Records for the task:
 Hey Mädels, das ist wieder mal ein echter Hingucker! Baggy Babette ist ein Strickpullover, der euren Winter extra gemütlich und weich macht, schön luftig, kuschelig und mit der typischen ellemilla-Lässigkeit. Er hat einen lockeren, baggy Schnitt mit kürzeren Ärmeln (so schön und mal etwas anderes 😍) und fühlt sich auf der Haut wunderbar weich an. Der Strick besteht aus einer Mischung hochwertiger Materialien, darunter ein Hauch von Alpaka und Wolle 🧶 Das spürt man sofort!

* * *

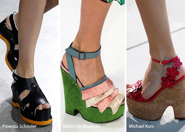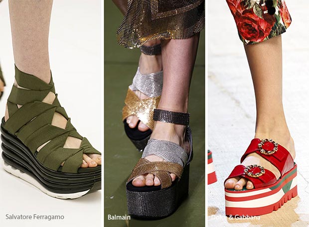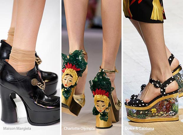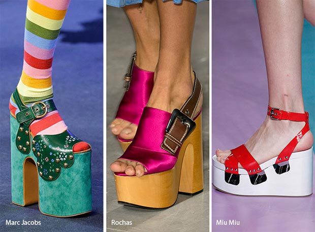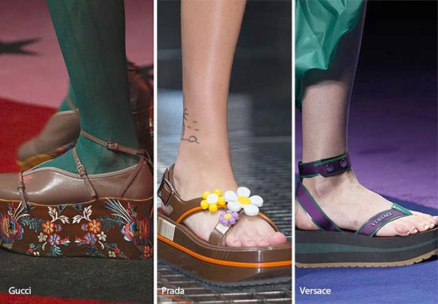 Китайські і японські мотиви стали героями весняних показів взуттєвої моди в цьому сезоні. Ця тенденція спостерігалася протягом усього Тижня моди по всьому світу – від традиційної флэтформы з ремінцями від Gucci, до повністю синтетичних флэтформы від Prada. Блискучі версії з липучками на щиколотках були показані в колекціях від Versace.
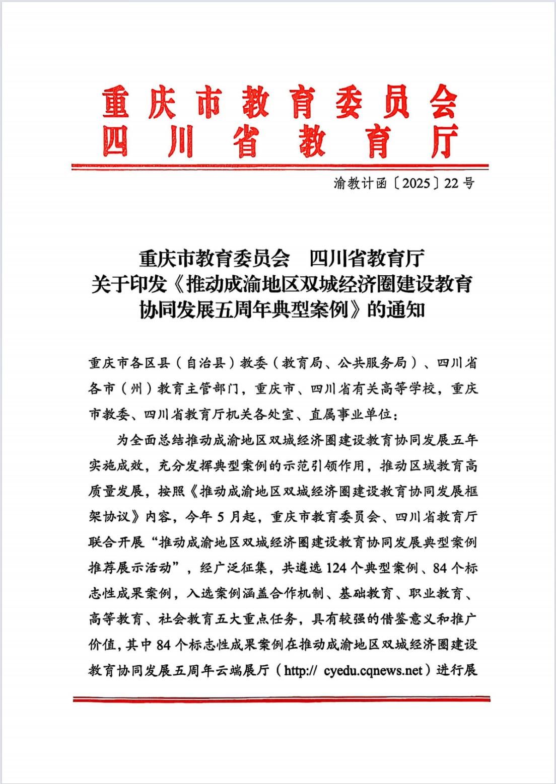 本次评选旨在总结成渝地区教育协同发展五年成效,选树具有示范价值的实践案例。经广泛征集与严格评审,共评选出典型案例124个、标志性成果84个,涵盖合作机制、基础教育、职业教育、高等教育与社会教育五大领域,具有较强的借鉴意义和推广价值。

--

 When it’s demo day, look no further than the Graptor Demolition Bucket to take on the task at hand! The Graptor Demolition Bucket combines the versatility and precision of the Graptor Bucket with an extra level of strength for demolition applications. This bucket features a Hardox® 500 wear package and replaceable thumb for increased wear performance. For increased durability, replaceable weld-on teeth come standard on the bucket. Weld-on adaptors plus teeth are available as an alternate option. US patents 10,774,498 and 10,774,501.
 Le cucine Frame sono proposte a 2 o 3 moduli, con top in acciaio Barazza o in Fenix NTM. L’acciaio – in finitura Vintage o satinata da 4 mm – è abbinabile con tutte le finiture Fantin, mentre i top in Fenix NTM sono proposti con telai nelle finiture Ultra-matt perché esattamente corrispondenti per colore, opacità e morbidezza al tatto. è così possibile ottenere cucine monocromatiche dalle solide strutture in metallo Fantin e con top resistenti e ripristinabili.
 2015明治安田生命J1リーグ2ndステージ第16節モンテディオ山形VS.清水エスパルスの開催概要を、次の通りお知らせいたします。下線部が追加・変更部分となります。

To do:
Retype only the lines above between the line with "When it’s demo" and the line with "2015明治安田生命J1リー", counting those two lines as well, and keep every character as it is.

Completed task:
 When it’s demo day, look no further than the Graptor Demolition Bucket to take on the task at hand! The Graptor Demolition Bucket combines the versatility and precision of the Graptor Bucket with an extra level of strength for demolition applications. This bucket features a Hardox® 500 wear package and replaceable thumb for increased wear performance. For increased durability, replaceable weld-on teeth come standard on the bucket. Weld-on adaptors plus teeth are available as an alternate option. US patents 10,774,498 and 10,774,501.
 Le cucine Frame sono proposte a 2 o 3 moduli, con top in acciaio Barazza o in Fenix NTM. L’acciaio – in finitura Vintage o satinata da 4 mm – è abbinabile con tutte le finiture Fantin, mentre i top in Fenix NTM sono proposti con telai nelle finiture Ultra-matt perché esattamente corrispondenti per colore, opacità e morbidezza al tatto. è così possibile ottenere cucine monocromatiche dalle solide strutture in metallo Fantin e con top resistenti e ripristinabili.
 2015明治安田生命J1リーグ2ndステージ第16節モンテディオ山形VS.清水エスパルスの開催概要を、次の通りお知らせいたします。下線部が追加・変更部分となります。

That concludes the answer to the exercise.